I took him by the ankles, the other two took him by the arms, and we laid him in and covered him up. I remember feeling a bit upset, for the grave was only about four feet deep. I knew he probably wouldn't be there for very long, because of the shell-fire.
112

Frank Dunham, a stretcher-bearer, was in the line near Ypres in December 1916 when he was called to a man so badly hurt as to be beyond human aid. The man's ‘inarticulate sounds … turned to groans' which so upset his comrades that they waited some way along the trench until he had died.
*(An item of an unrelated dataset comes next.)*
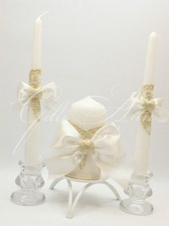 Набор Свечи Домашний очаг Gilliann Royal Luxury CAN076 Стильные и изысканные свадебные свечи Gilliann Royal Luxury станут прекрасным украшением церемонии зажигания домашнего очага. Свечи декорированы тончайшим фатином с золотой вышивкой и атласными бантами. Золотые узоры придают свечам благородный и элегантный вид. В набор входят три свечи - две длинные и одна большая. Церемония передачи и зажигания домашнего очага - заключительная часть свадебного банкета. Домашний очаг символизирует тепло, уют и покой в тихой домашней гавани, семейное благополучие и счастье. Поджигая очаг молодой семьи, родители делятся с молодоженами бесценным опытом счастливой семейной жизни. Материалы и декор: свечи, атласные ленты, фатин, вышивка, декоративная окантовка. None

The body was then covered with a groundsheet, but had to be kept in the trench until it could be moved under cover of darkness.
113

Bodies moved out of the line were often taken back in the same General Service wagons which had brought rations forward, and buried in civilian cemeteries or, as the weight of casualties grew, in new military graveyards. These were sometimes within artillery range of the front, so burials had to take place at night. The dead were usually shrouded in a blanket or sewn into hessian, although Captain Billy Congreve, a young staff officer (who would himself live only a further two years), had a rough coffin made for his divisional commander, Major General Hubert Hamilton, killed in October 1914.